* TRY IT *
Search the entries for lines that contain the word "with", and report each one found.

(SUPPLIED MATERIAL)

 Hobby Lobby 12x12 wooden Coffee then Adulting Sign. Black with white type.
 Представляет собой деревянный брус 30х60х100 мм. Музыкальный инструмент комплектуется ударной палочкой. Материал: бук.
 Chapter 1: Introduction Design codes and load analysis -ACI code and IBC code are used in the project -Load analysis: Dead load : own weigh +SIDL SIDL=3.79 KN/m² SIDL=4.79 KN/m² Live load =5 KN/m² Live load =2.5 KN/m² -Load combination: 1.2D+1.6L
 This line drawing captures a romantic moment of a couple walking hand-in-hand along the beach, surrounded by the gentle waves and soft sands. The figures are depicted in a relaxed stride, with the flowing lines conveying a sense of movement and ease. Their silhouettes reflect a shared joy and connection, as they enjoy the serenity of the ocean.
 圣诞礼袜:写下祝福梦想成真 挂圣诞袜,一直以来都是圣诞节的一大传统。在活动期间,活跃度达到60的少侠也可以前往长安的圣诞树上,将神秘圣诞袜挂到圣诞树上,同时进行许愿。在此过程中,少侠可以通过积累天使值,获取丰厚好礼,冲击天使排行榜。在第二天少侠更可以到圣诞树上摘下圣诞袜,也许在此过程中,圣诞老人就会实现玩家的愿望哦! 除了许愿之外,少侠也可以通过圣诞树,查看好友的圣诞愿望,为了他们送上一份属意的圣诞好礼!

(End SUPPLIED MATERIAL)
(SUPPLIED MATERIAL)

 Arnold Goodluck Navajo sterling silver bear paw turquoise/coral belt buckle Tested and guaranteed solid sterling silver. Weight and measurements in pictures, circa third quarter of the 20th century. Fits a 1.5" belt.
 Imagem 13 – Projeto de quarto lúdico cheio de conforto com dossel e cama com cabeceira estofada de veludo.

(End SUPPLIED MATERIAL)

* EXERCISE SOLUTION *
 Hobby Lobby 12x12 wooden Coffee then Adulting Sign. Black with white type.
 This line drawing captures a romantic moment of a couple walking hand-in-hand along the beach, surrounded by the gentle waves and soft sands. The figures are depicted in a relaxed stride, with the flowing lines conveying a sense of movement and ease. Their silhouettes reflect a shared joy and connection, as they enjoy the serenity of the ocean.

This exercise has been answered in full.